▸ Data for the task:
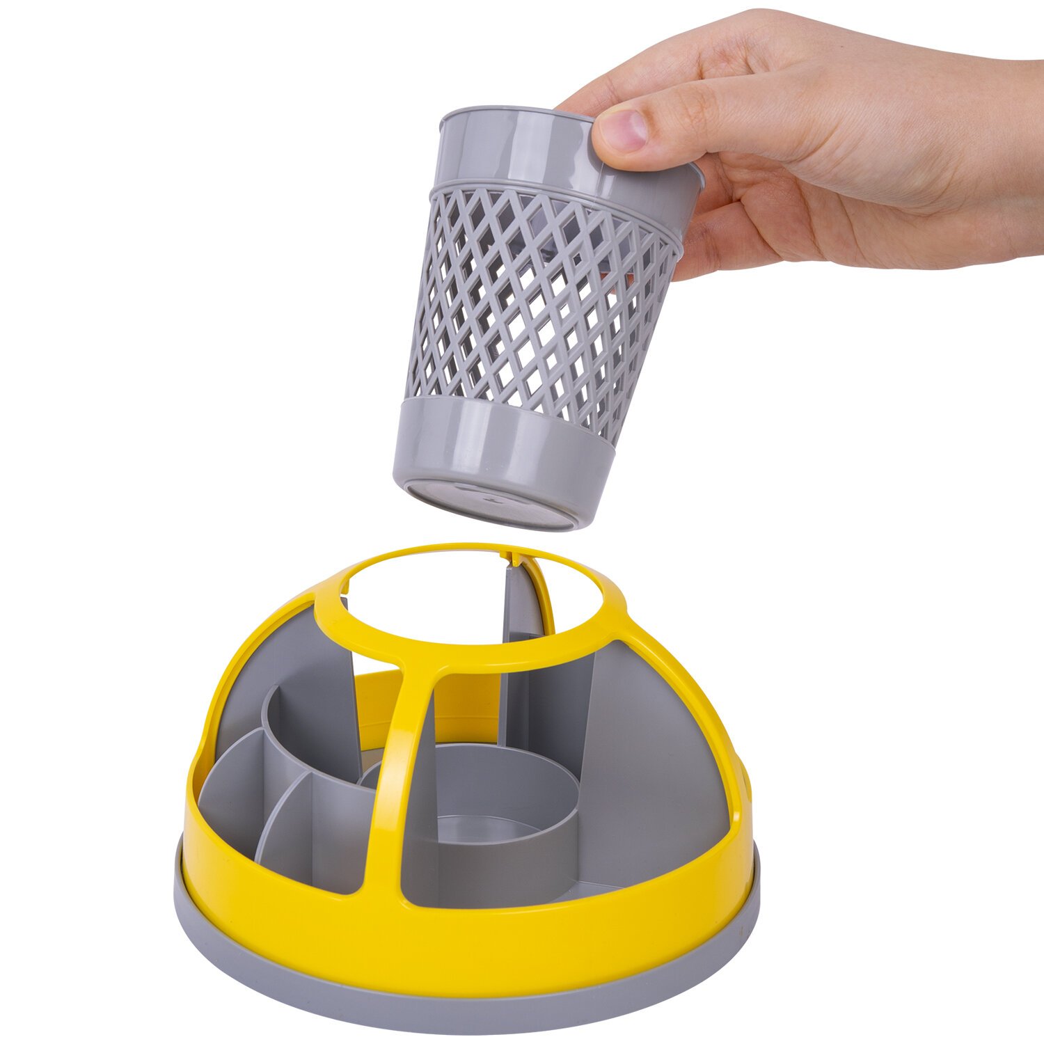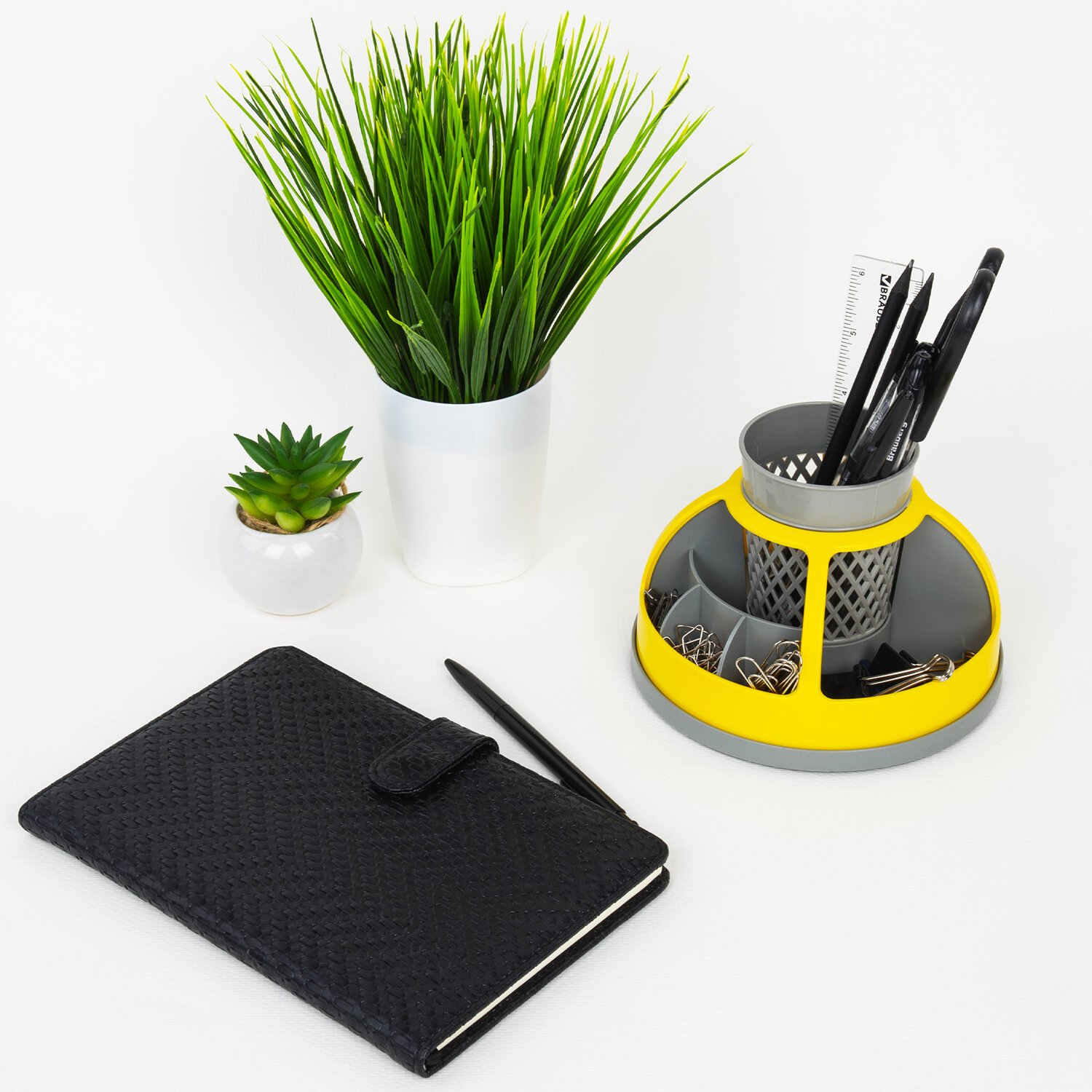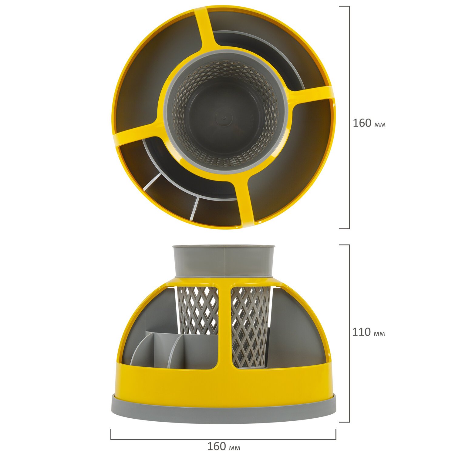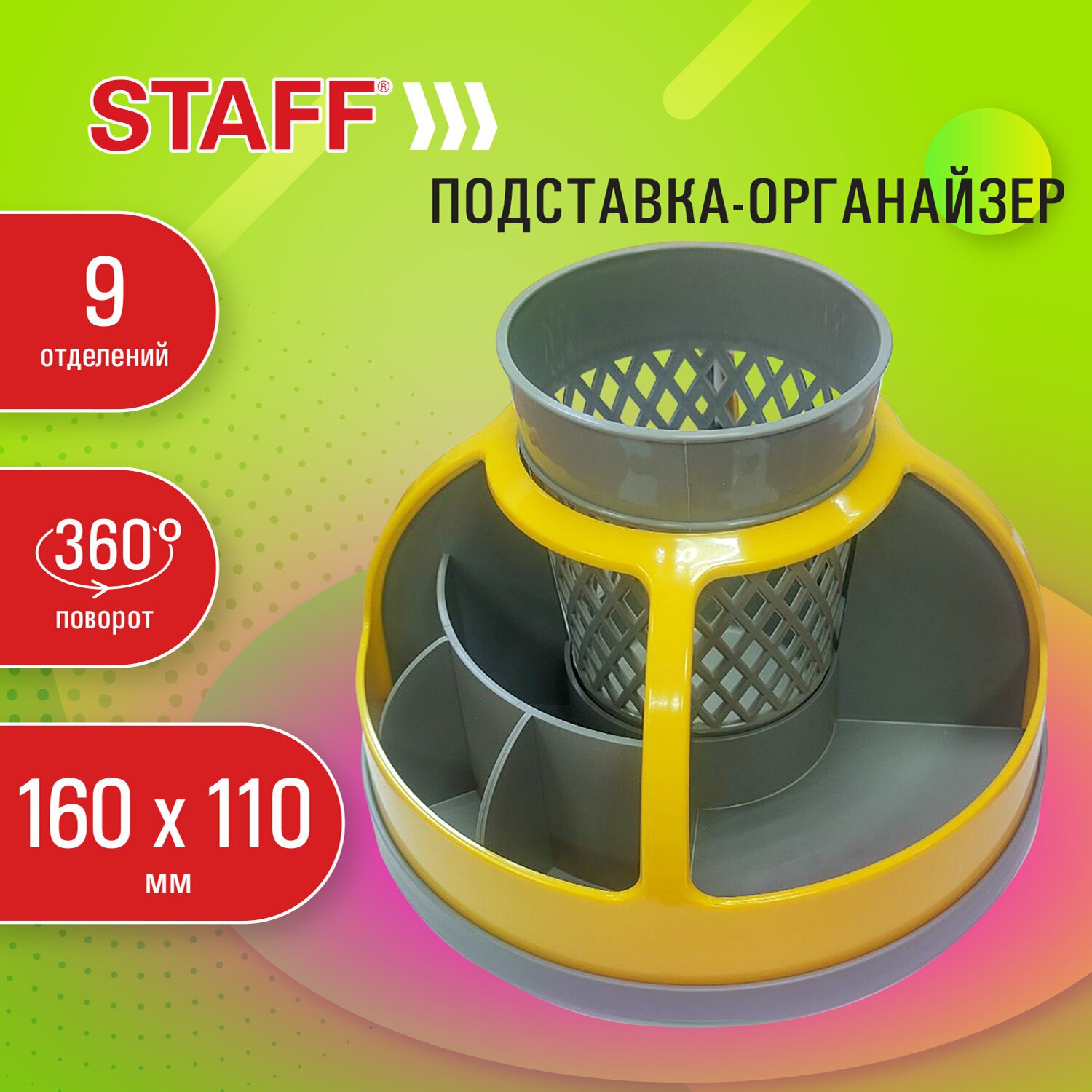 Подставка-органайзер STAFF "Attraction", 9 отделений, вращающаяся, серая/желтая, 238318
...
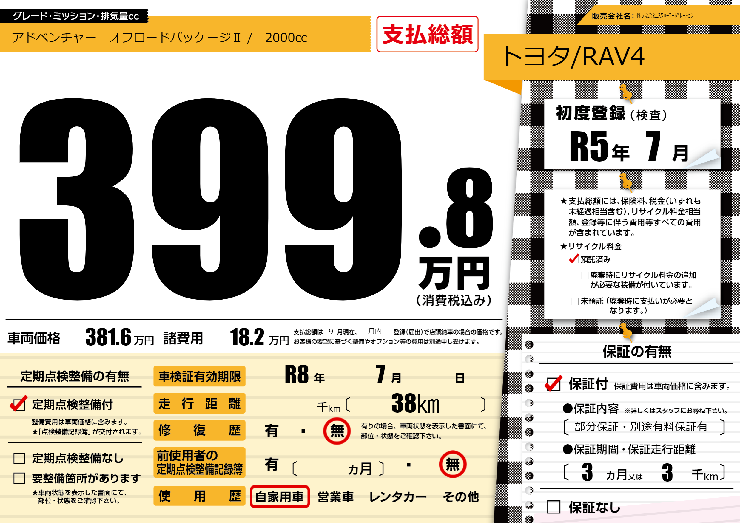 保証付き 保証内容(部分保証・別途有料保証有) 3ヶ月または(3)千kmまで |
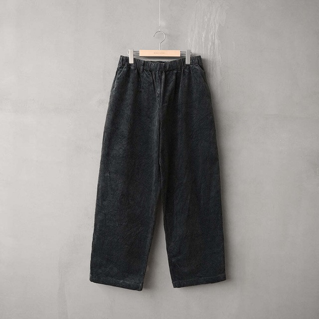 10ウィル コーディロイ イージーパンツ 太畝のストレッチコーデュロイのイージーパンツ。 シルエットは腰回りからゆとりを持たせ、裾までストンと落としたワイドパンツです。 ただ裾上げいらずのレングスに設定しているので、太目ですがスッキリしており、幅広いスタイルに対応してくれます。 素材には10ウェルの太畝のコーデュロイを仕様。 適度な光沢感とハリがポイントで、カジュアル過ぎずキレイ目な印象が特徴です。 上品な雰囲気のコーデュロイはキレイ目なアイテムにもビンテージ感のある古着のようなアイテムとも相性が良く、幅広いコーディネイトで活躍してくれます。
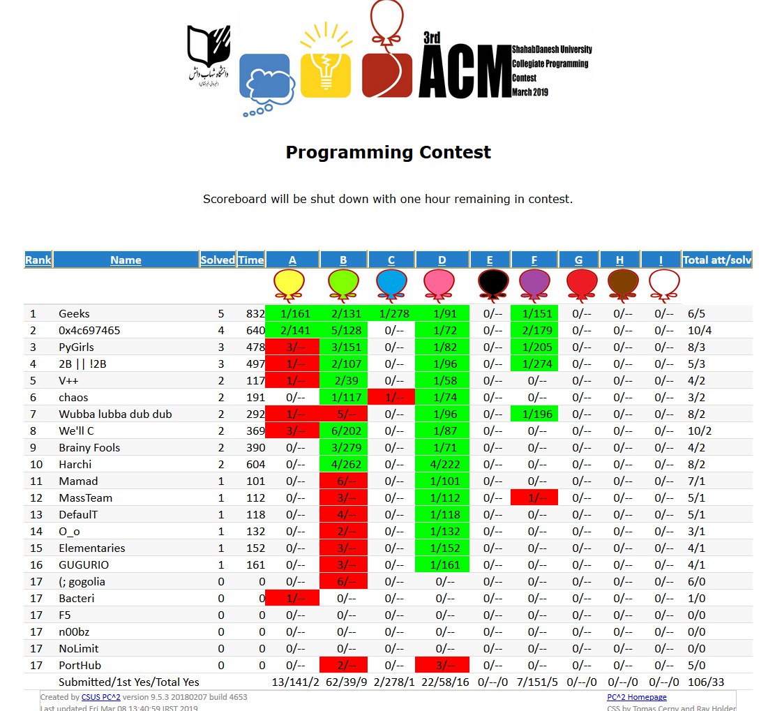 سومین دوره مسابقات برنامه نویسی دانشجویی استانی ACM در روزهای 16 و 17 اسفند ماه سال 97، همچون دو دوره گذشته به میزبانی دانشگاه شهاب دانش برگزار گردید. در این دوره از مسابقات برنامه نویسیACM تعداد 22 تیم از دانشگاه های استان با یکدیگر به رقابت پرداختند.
...
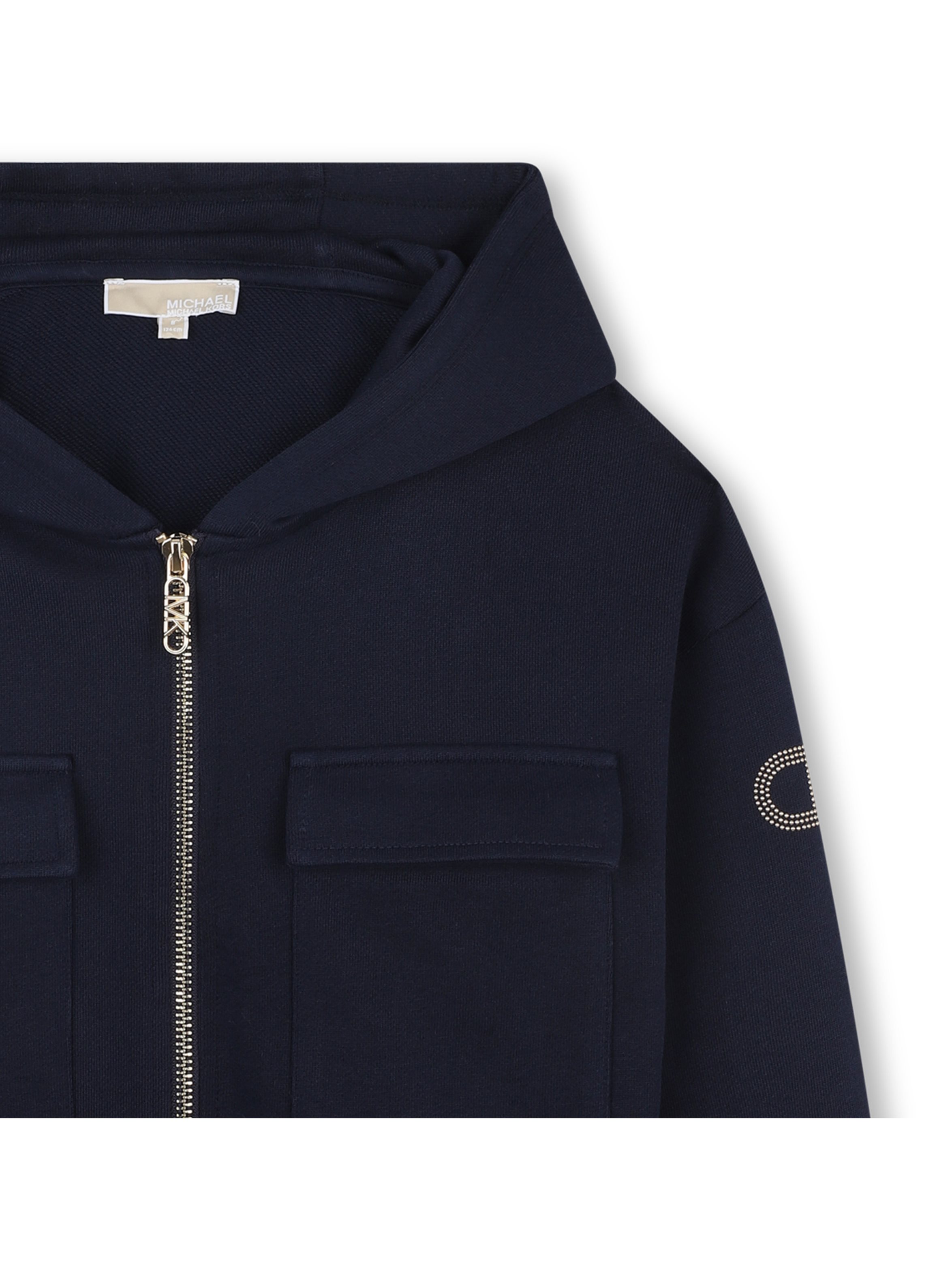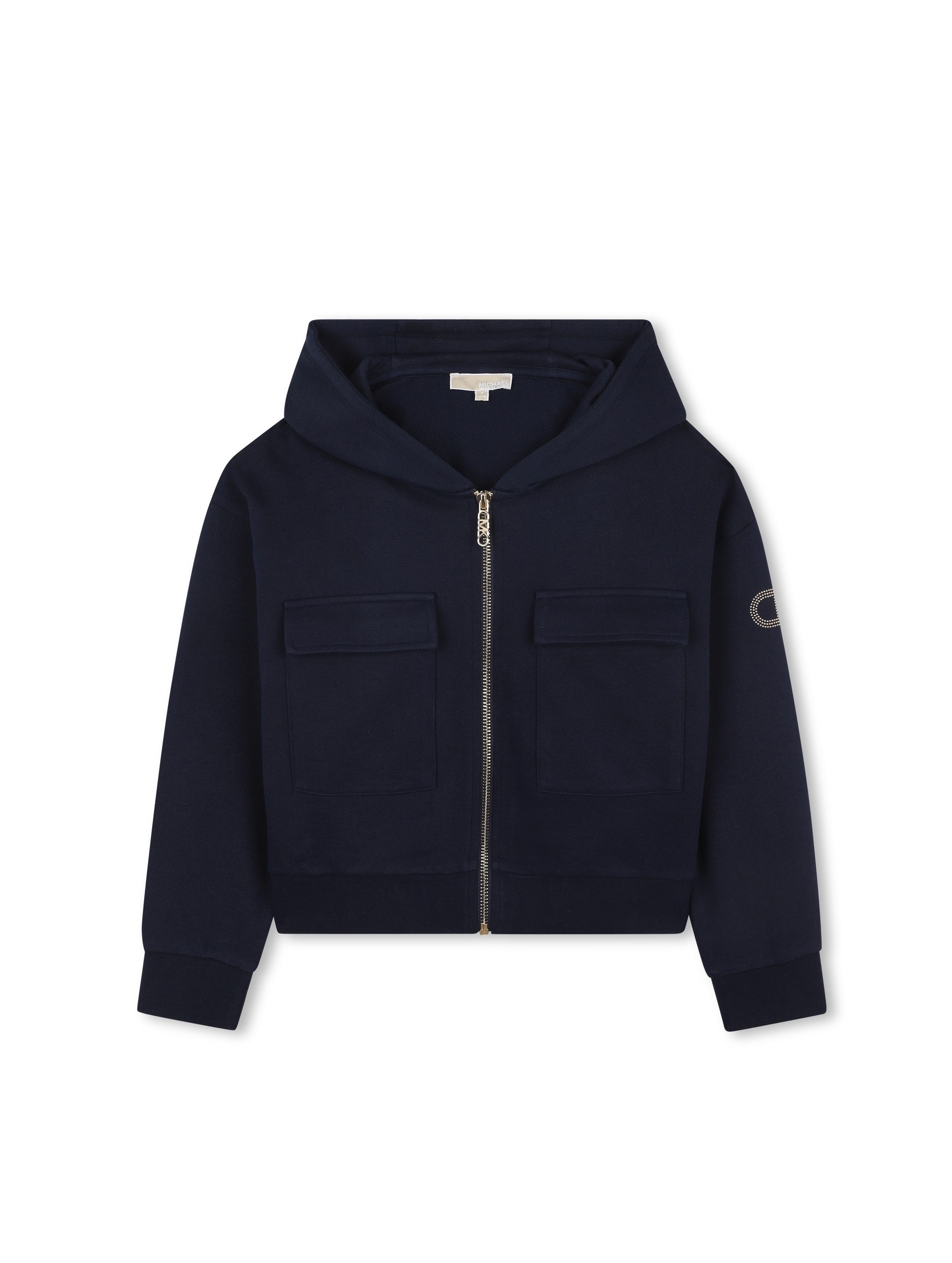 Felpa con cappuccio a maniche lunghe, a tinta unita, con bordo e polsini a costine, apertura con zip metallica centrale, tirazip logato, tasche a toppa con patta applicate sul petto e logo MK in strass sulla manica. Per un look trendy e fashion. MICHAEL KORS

▸ Exercise: Reproduce exactly the lines above starting at the line containing "保証付き 保証内容(部分保証・別途有料保証有) 3ヶ月または(3)千kmまで |" and ending at the line containing "سومین دوره مسابقات", including both, but not the pictures.

▸ Exercise answer:
 保証付き 保証内容(部分保証・別途有料保証有) 3ヶ月または(3)千kmまで |
 10ウィル コーディロイ イージーパンツ 太畝のストレッチコーデュロイのイージーパンツ。 シルエットは腰回りからゆとりを持たせ、裾までストンと落としたワイドパンツです。 ただ裾上げいらずのレングスに設定しているので、太目ですがスッキリしており、幅広いスタイルに対応してくれます。 素材には10ウェルの太畝のコーデュロイを仕様。 適度な光沢感とハリがポイントで、カジュアル過ぎずキレイ目な印象が特徴です。 上品な雰囲気のコーデュロイはキレイ目なアイテムにもビンテージ感のある古着のようなアイテムとも相性が良く、幅広いコーディネイトで活躍してくれます。
 سومین دوره مسابقات برنامه نویسی دانشجویی استانی ACM در روزهای 16 و 17 اسفند ماه سال 97، همچون دو دوره گذشته به میزبانی دانشگاه شهاب دانش برگزار گردید. در این دوره از مسابقات برنامه نویسیACM تعداد 22 تیم از دانشگاه های استان با یکدیگر به رقابت پرداختند.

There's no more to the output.